Bitcoin and Ethereum traders are increasingly pessimistic following the Federal Reserve’s June 18 decision, where newly installed Chair Kevin Warsh signaled a hawkish shift. Interest rates held steady, but market expectations swung dramatically: Polymarket odds surged to 80% that there will be no rate cuts in 2026, and CME FedWatch data pointed to a potential rate hike by year-end. This pivot slammed risk assets, with BTC falling 5% to $62,499 and ETH dropping 5% to $1,682 in the 24 hours after the FOMC meeting.
On the prediction platform Myriad, bearish bets soared. The “Pump or Dump” market for Bitcoin saw odds of a decline to $55,000 jump more than 10 percentage points, now favoring a dump at nearly 72% before any bounce to $84,000. Ethereum’s outlook is even grimmer: traders give an 83% chance that ETH hits $1,500 before it can rally to $3,000. These odds have jumped 4% in a day and over 23% in the past month.
Ethereum has been under relentless pressure, having lost over 55% from its August 2025 peak near $4,950. A brief crash to $1,507 in early June, triggered by U.S.-Iran tensions, was followed by a relief bounce to around $1,780. On-chain data reveals a stark divergence: wallets holding 10,000 to 100,000 ETH have accumulated around 510,000 tokens since June 5, suggesting whale conviction, while retail activity remains muted. Exchange supply has hit a record low, historically a signal of reduced sell-side pressure.
Meanwhile, U.S. spot Ethereum ETFs recorded $22.5 million in net inflows after four days of outflows, though the broader trend shows only sporadic demand. May 2026 saw over $1.5 billion in total ETH ETF inflows, led by BlackRock and Fidelity, but June has been choppy. Standard Chartered maintains a year-end price target of $7,500 for ETH, citing regulatory clarity and institutional accumulation of 3.8% of circulating supply. Liquidation heatmaps show dense short clusters between $1,840 and $1,900, which could fuel a short squeeze toward the key $2,000 resistance.

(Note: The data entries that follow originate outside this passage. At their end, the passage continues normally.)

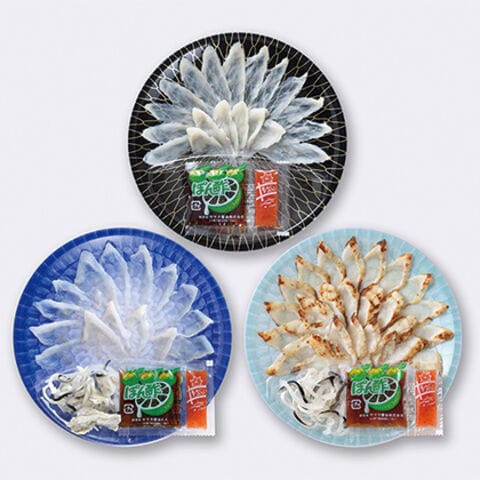 ●商品内容/(とらふく刺身20g、とらふく皮湯引き10g、ぽん酢14g、もみじおろし3g)(19cmプラスチック皿)、(まふく刺身30g、ぽん酢14g、もみじおろし3g)(19cmプラスチック皿)、(まふくたたき刺身30g、とらふく皮湯引き10g、ぽん酢14g、もみじおろし3g)(19cmプラスチック皿)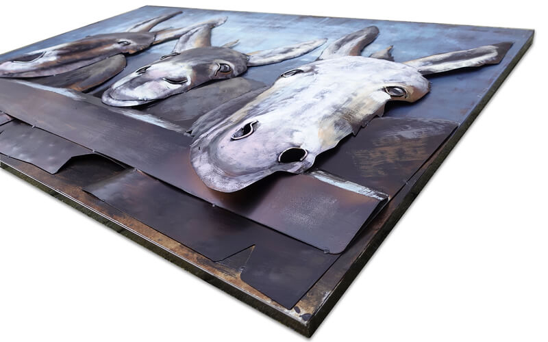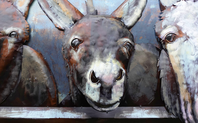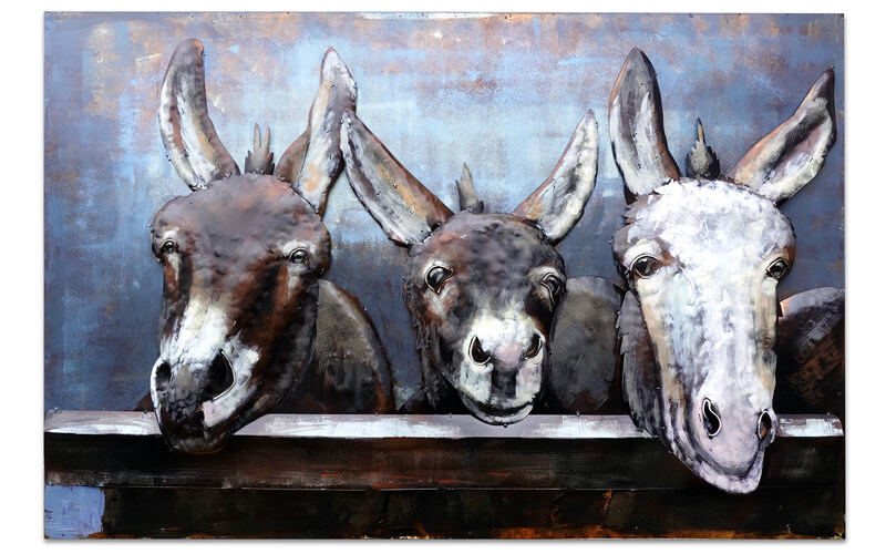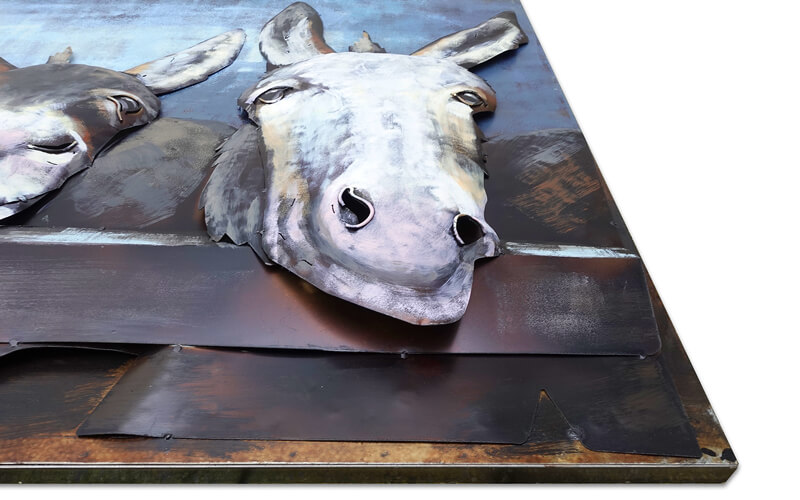 Ontdek ons prachtige Metalen Schilderij 3D Ezels, een meesterwerk in metaal.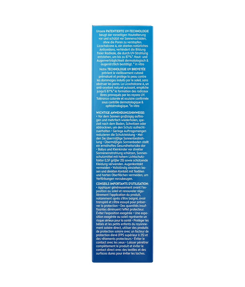 Wichtige Anwendungshinweise: Vor dem Sonnen großzügig auftragen und mehrfach wiederholen, speziell nach dem Baden, Schwitzen oder Abtrocknen, um den Schutz aufrechtzuerhalten. Geringe Auftragsmengen reduzieren die Schutzleistung. Meiden Sie übermäßige Sonnenbestrahlung. Übermäßiges Sonnenbaden stellt ein ernsthaftes Gesundheitsrisiko dar. Babys und Kleinkinder vor direkter Sonneneinstrahlung schützen, Sonnenschutzmittel mit hohem Lichtschutzfaktor (LSF größer 25) sowie schützende Kleidung verwenden. Augenkontakt vermeiden. Vollständig einziehen lassen und direkten Kontakt mit Textilien und harten Oberflächen vermeiden, um Verfärbungen vorzubeugen.

The macro picture remains dominant. A dovish turn from the Fed could quickly reverse sentiment, but for now, Bitcoin and Ethereum appear trapped in a bearish grip shaped by monetary policy rather than crypto-specific fundamentals. The $1,700–$1,750 zone is critical support for ETH, while BTC’s “high-value entry window” identified by some analysts contrasts sharply with the prevailing market mood.